Acusação fraca sobre caças suecos é a última contra Lula
É este o último processo que resta aberto contra Lula, que, nos últimos anos, teve propostas contra si pelo menos 18 aberturas de inquérito, indiciamentos e ações penais, passou 580 dias preso, teve seus direitos políticos cassados, foi impedido de ser candidato e a até de conceder entrevistas durante o período eleitoral de 2018, tendo sido impedido, inclusive, de acompanhar o sepultamento de um irmão.

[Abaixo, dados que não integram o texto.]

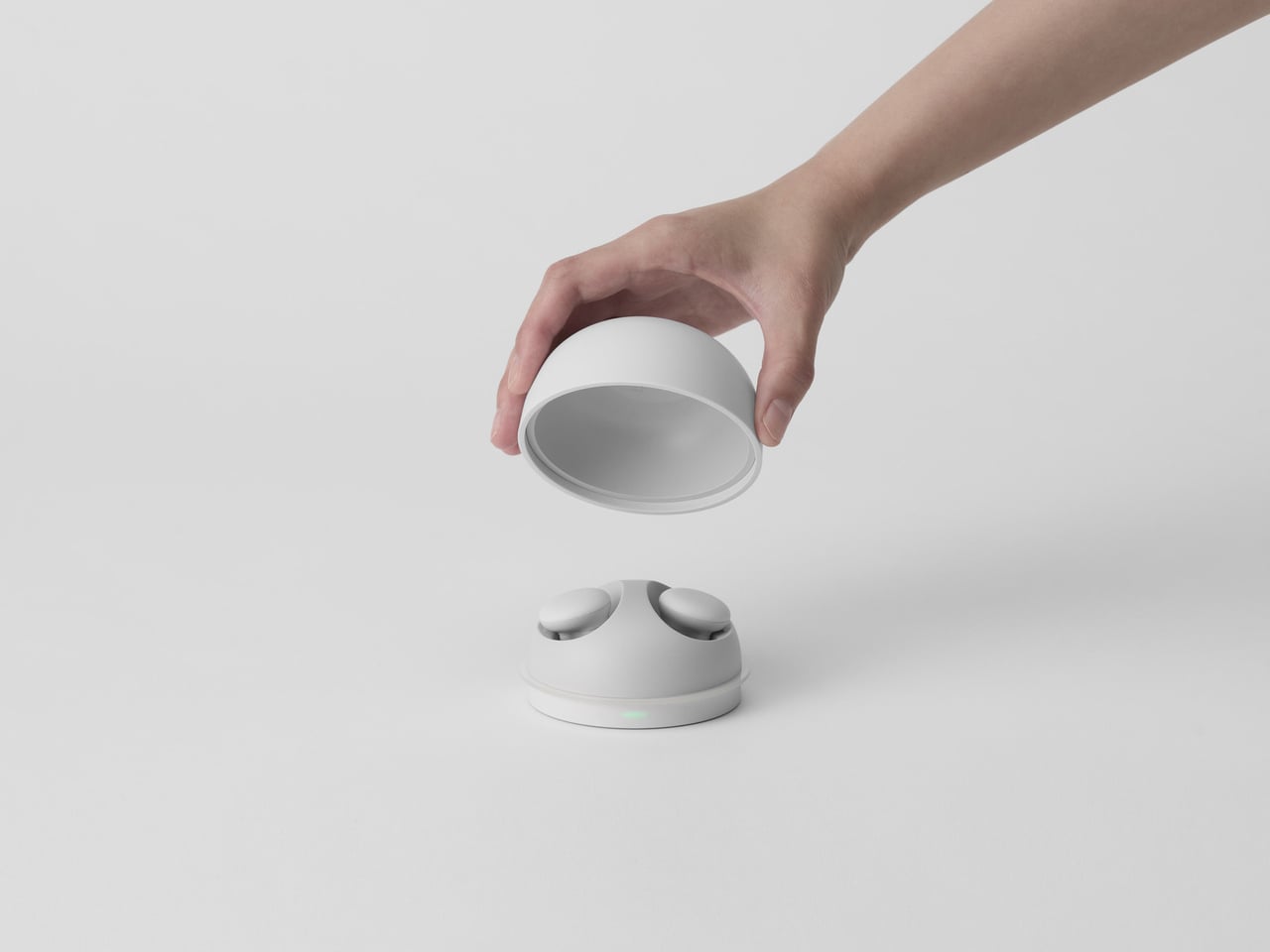Bird.zzz est un projet élaboré par le Jiyoun Kim Studio en collaboration avec LG Labs. Ce dispositif combine une oreillette de bien-être pour le sommeil avec un support en forme de dôme qui fait également office de lampe de chevet. Les oreillettes mesurent le sommeil à l’aide d’EEG et de données physiques, et utilisent cette analyse pour diffuser des sons destinés à améliorer la qualité du sommeil. Placé sur votre table de nuit, il prend l’apparence d’une petite sculpture plutôt que celle d’un simple chargeur.

Atualmente, na acusação que resta e que o Ministério Público ainda escuda, Lula, que deixou o cargo de presidente em 2010, exerceu ou “fingiu poder exercer” predominante tráfico de influência que levasse o governo brasileiro a adquirir caças de uma companhia sueca em detrimento das outras duas que concorriam no processo brasileiro de aquisição de aeronaves de defesa.

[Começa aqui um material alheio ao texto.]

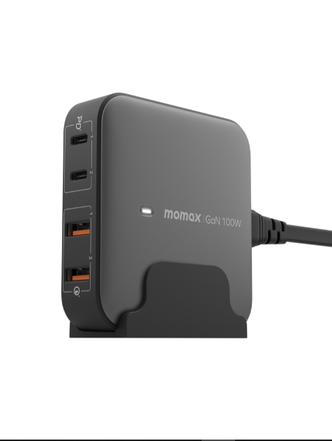 شاحن مكتبي 100 وات 4 منافذ بتقنية جان لون أسود من موماكس

No processo penal, o MPF-DF acusa Lula de ter “vendido” a falsa ideia de que teria como influenciar o governo Dilma Rousseff para ela este comprasse 36 aviões-caça da empresa sueca SAAB, e não da companhia francesa Dassault que com ela ainda competia — a outra concorrente, a norte-americana Boeing, já havia deixado o certame.
Tudo ocorria dentro de um intrincado processo de compra de equipamentos militares pelo Estado brasileiro, que vinha sendo negociado desde o governo Fernando Henrique Cardoso (1995-2002) e cuja conclusão só se deu no governo Dilma, em agosto de 2015.

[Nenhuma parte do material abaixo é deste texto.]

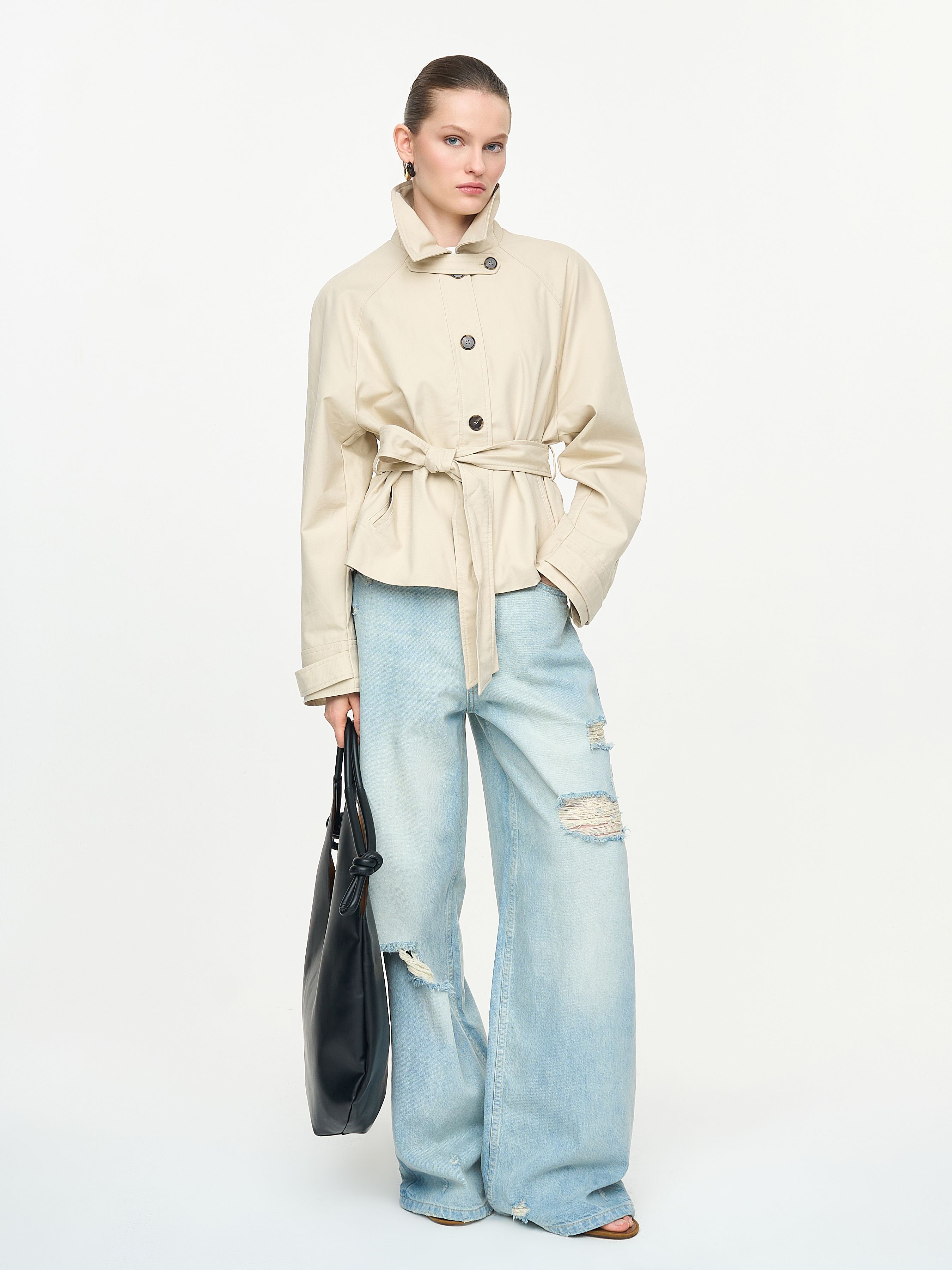LYOCELL BLEND TRENCH BELT JACKET

Na ação, os procuradores afirmam que o ex-primeiro-ministro da Suécia, Stefan Löfven, teria tentado marcar uma reunião com o ex-presidente Lula no final de 2013, e que essa reunião seria para que Lula usasse de sua influência no governo Dilma para convencê-la a comprar os caças suecos.
Os procuradores alegam ainda que o mandatário sueco (que, à época, ainda não era primeiro-ministro daquele país), teria escrito uma carta a Lula pedindo que ele “fizesse este favor”.
Isso é o que alega o MPF-DF. Na acusação, porém, não consta qualquer comprovação de que a carta sequer tenha chegado a Lula, conforme apontado em processo pela defesa do ex-presidente, tampouco explica como teria sido possível ou se dado o arranjo ilegal entre o presidente a empresa. Como o ex-presidente teria intercedido junto ao governo federal para que a compra se efetivasse?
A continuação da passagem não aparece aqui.